BELLEVILLE, Ill.—Sears, Roebuck & Co. is facing a lawsuit for allegedly charging customers upwards of $400 million for tire-truing services that were never performed. Filed in Madison County Circuit Court in Illinois, this action is similar to a federal class action lawsuit filed against Sears in Tampa, Fla., in 1991. That case had been dismissed on procedural grounds, but was reinstated late last year.
A Sears spokesman said the company is shocked that the Illinois filing is a ``word-for-word copy of the Florida suit.'' Sears has filed a motion in Florida and expects that case to be dismissed.
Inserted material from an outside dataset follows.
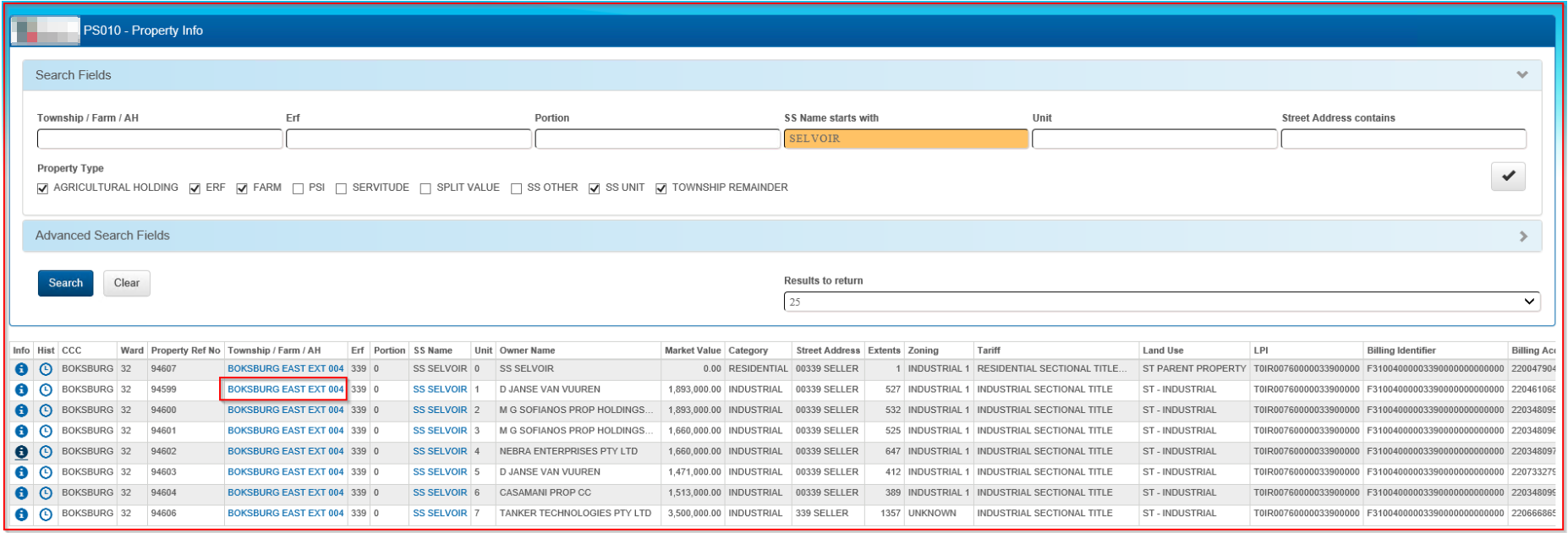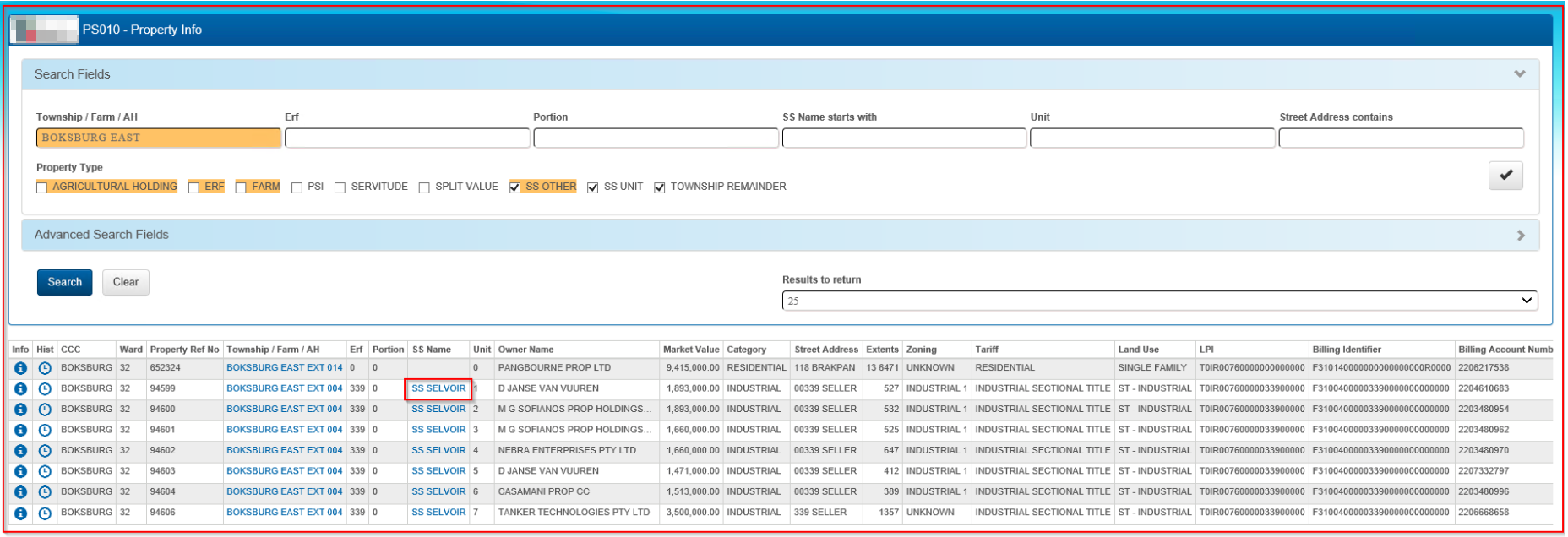 Below are results from an Advanced Search. Scroll through the list of properties and select the correct property.

``We plan to vigorously defend ourselves against this copycat lawsuit,'' he said.
Steven Katz, the attorney who filed the Illinois suit, is representing a 75-year-old Illinois woman who paid for Sears ``Accubalance'' service in 1991, but may or may not have actually received the service.
As part of the Accubalance service, a thin layer of rubber was shaved off newly-installed tires to correct ``out of round'' problems.
Accubalance was performed at Sears locations nationwide on 1,300 tire truing machines leased from Florida-based Assix International. Sears also paid Assix a fee for each tire serviced.
Both actions allege Sears charged up to 30 million customers for unperformed service between 1989 and 1994.
``It was the perfect crime,'' said Mr. Katz. ``Once you started to drive away, there were no residual marks to tell if the service was performed.''
Mr. Katz said the standard fee was $12.50 per tire, but ran as high as $20. Sears discontinued the Accubalance service in 1994 and destroyed the machines.